Previously, the African petrol chemicals group had delayed its final investment decision on the project, for which the company attributes the cause to low oil and gas prices. However, Sasol’s decision to pull the plug on all its greenfield’s project including a U.S deal worth $13 – $15 billion comes as a big blow.
Another of Sasol’s investment withdrawal include its Canadian shale gas assets which hit 9.9 billion rand, an equivalent of $715 billion dollars in its 2016 earning.
When South Africa was still subject to sanctions under apartheid, Sasol pioneered the conversion of coal to fuel. According to the company, there was no need to boost its crude oil refining capacity, which currently stands at 270,000 barrels per day in South Africa.

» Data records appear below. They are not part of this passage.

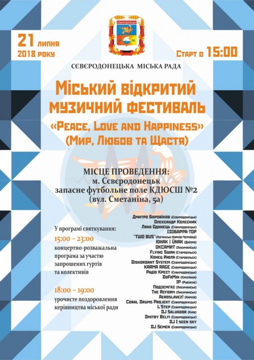 Міський відкритий музичний фестиваль «Peace, Love and Happiness» (Мир, Любов та Щастя)
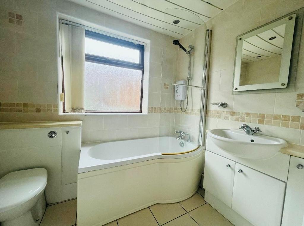 Bathroom: White suite comprising panelled bath with shower over, low level WC, vanity wash hand basin, tiled walls, tiled floor, spotlights.
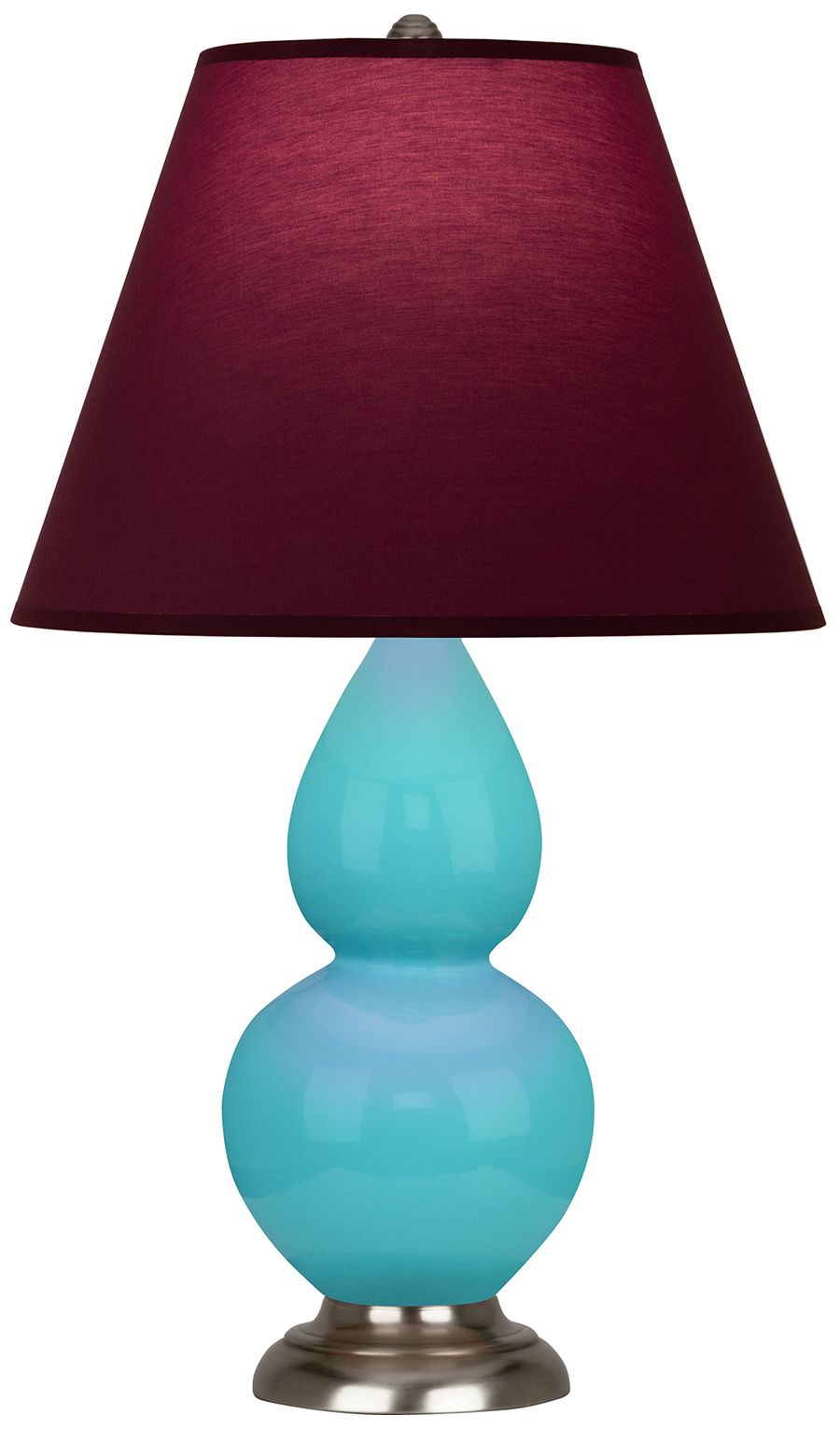 Double Gourd 23"H Egg Blue And Silver Lamp w/ Plum And Lavender Shade

The decision to walk away from the investment emphasizes challenges faced by the industry in a volatile market filled with generally depressed prices.

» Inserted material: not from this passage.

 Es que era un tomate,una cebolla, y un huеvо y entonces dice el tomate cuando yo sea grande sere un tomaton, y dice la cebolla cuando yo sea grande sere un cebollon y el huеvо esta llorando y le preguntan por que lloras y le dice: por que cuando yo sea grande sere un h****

“While our current GTL assets are generating good returns and cash flows, the value proposition for Sasol to build new GTL projects is uneconomic against a volatile external environment and structural shift to a low oil price environment,” the company said.
Citing prices and accounting requirements related to the pending sale as the main reasons, CEO and president, Bongani Nqwababa stated that “There will likely be further write-downs” although the company is forging ahead with its Louisiana ethane cracker project.
With 21 more percent left to go, the ethane cracker project is estimated to cost $11.13 billion to complete and will be the biggest foreign investment by a South African group. The plant will take ethane -a component of natural gas- and turn it into ethylene, used in the manufacture of plastic products.
Having completed reviews on more that half of its global assets, Sasol has confirmed that the majority of the company’s assets will be retained, as it aims to boost its payout ratio to 40 percent of earnings per share by 2022 from 36 percent currently, and then progressively lift it to 45 percent on the dividend front.